Margret folgte ihrer Tante.

Wie jedes Mal, wenn sie im Schloß eingeladen war, war Margret heilfroh, als sich die Damen nach den vielen Gängen endlich zum Kaffee in den kleinen Blauen Salon zurückzogen.

„Hat dir William erzählt, daß wir morgen einen sehr wichtigen Gast erwarten?“ fragte die Gräfin Margrets Mutter.
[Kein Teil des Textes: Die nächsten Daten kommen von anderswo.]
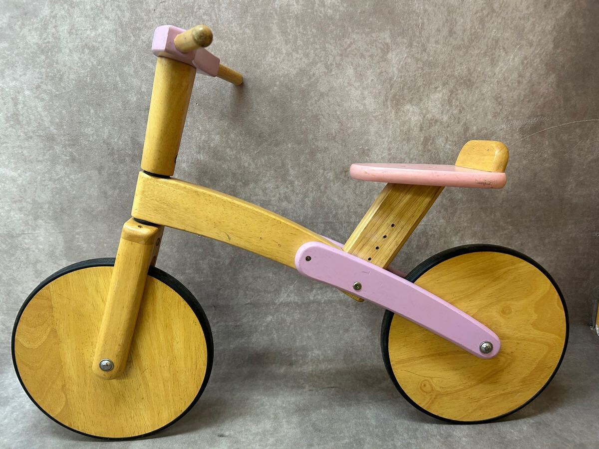 - 木製 自転車 子供用 キッズ 高さ約60cm バランスバイク ピンク オブジェ 飾り 店舗什器 インテリア 可愛い 奈良発 直接引き取り可

„Nein, er hat nichts erwähnt“, antwortete Lady Evelyn.

„Der Duc d’Abencom kommt zu uns“, berichtete die Gräfin. „Du hast vielleicht schon von ihm gehört. Er ist der beste Freund und Cousin des Prinzen Alexander von Vallon.“

„Ich dachte, daß Vallon nach dem Abzug der Deutschen von Frankreich annektiert worden ist“, sagte Lady Evelyn.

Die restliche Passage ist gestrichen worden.